Questions about symbolic execution in the static analyzer.

Hello,

I am researching various static analyzers and want to get a better understanding of how the symbolic execution in the clang static analyzer works.

Every implementation of symbolic execution has to make certain tradeoffs to be feasible.

I'm interested in the following issues:

How does the static analyzer approach the path explosion problem?
In this [1] presentation it is mentioned that there are budgets which limit the exploration after visiting the same node multiple times.
Are there any additional techniques to alleviate path explosion?

Secondly, I'm am wondering how it deals with symbolic values as indices for arrays (or symbolic pointer arithmetic).
I have read the paper about its memory model [2], but it doesn't seem to address this question.
All the approaches to the problem I know rely either on address concretization, creating a new path for every possible index or using a more powerful constraint solver (for example using theory of arrays).

I hope you can answer my questions.

Sincerely,
Achim Kriso

[1] https://www.youtube.com/watch?v=4n3l-ZcDJNY
[2] http://lcs.ios.ac.cn/~xzx/memmodel.pdf

Hello,

I am researching various static analyzers and want to get a better understanding of how the symbolic execution in the clang static analyzer works.

Every implementation of symbolic execution has to make certain tradeoffs to be feasible.

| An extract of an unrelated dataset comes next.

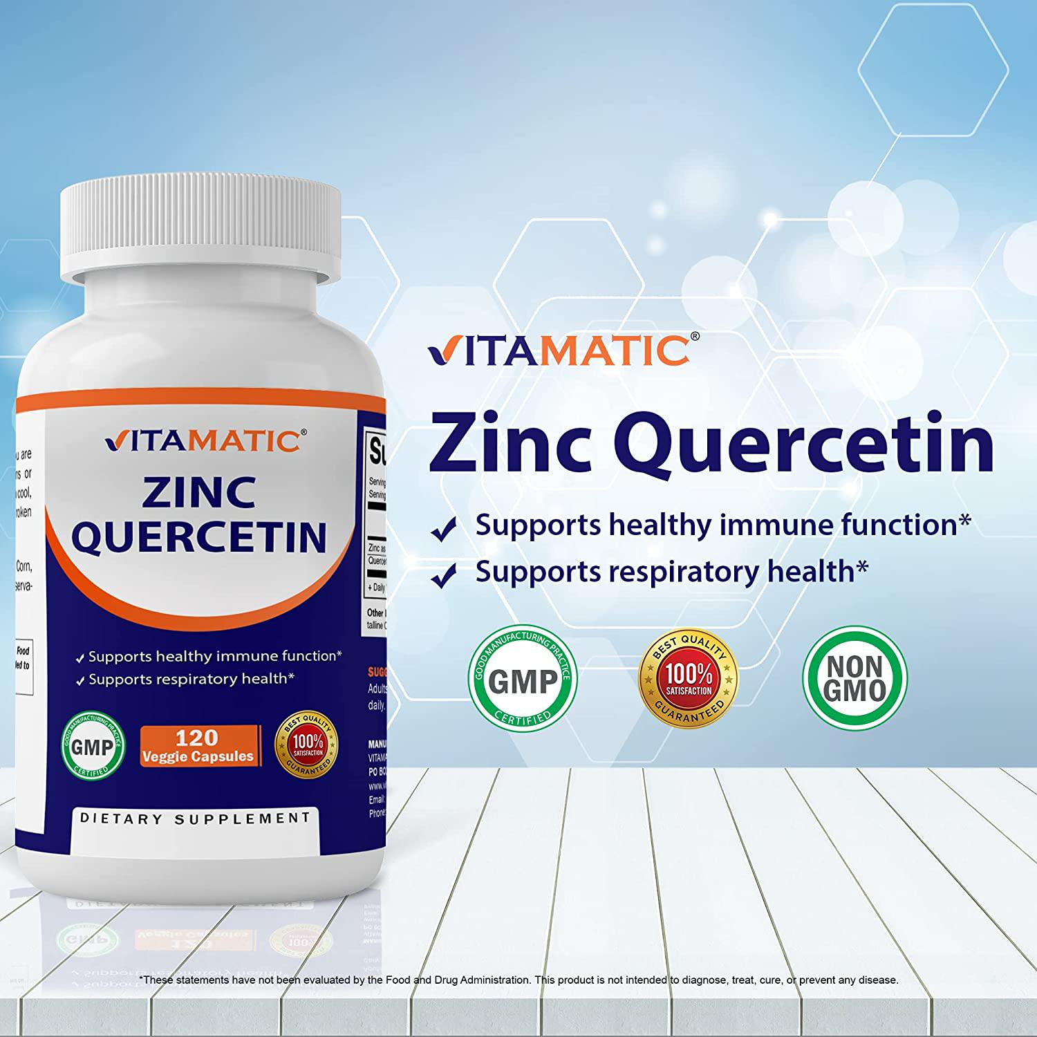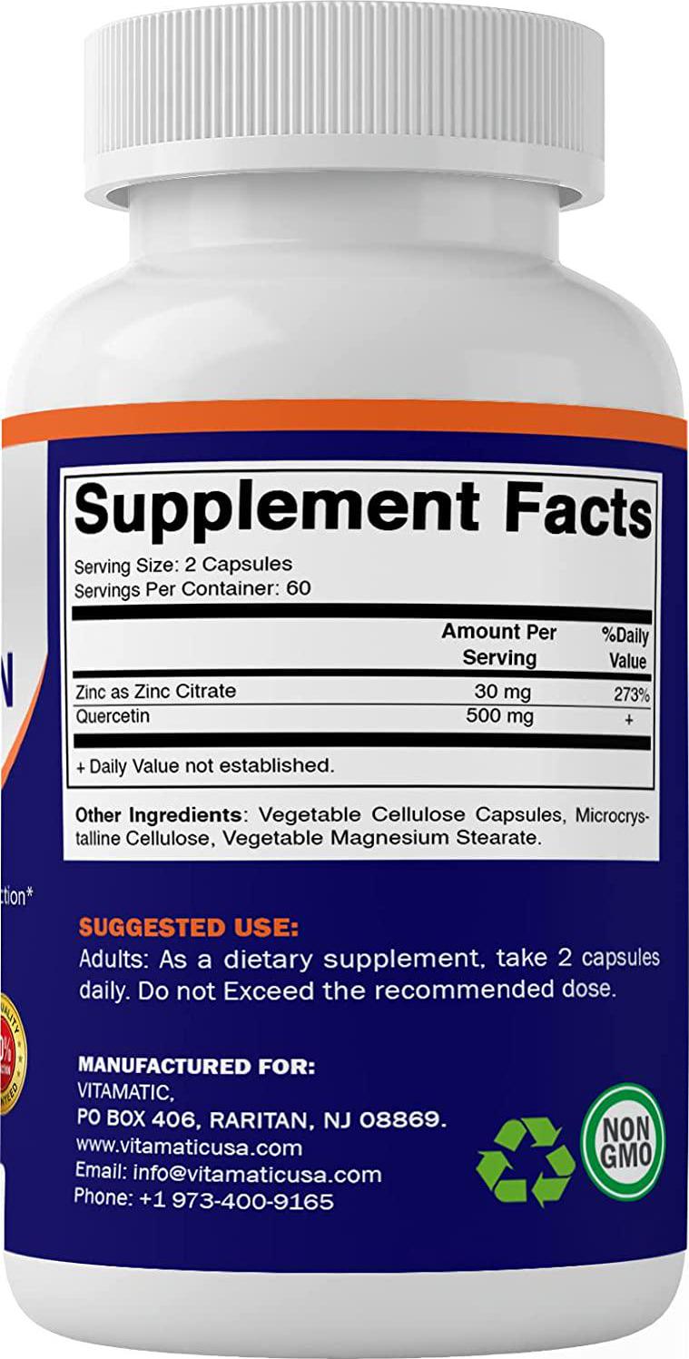 Vitamatic Zinc Quercetin - 120 Vegetarian Capsules - Zinc as Zinc Citrate 30mg and Quercetin Dihydrate 500 mg per serving - Immune Support

I'm interested in the following issues:

How does the static analyzer approach the path explosion problem?
In this [1] presentation it is mentioned that there are budgets which limit the exploration after visiting the same node multiple times.
Are there any additional techniques to alleviate path explosion?

Yes, basically a number of different deterministic budgets and limits. A budget for the total number of nodes (the closest thing we have to a hard time limit), a budget for visiting a CFG block too many times (which sounds like what you're describing), a limit for callee function size and a recursion budget in interprocedural analysis, etc. One of my "favorite" limits is the rule to not consider a function for interprocedural analysis if it hit a budget last time we tried it; this one even works across otherwise unrelated symbolic execution entry points (within the same Clang instance, of course) (in hindsight, this was probably a bad idea; we're considering to replace it with something more predictable).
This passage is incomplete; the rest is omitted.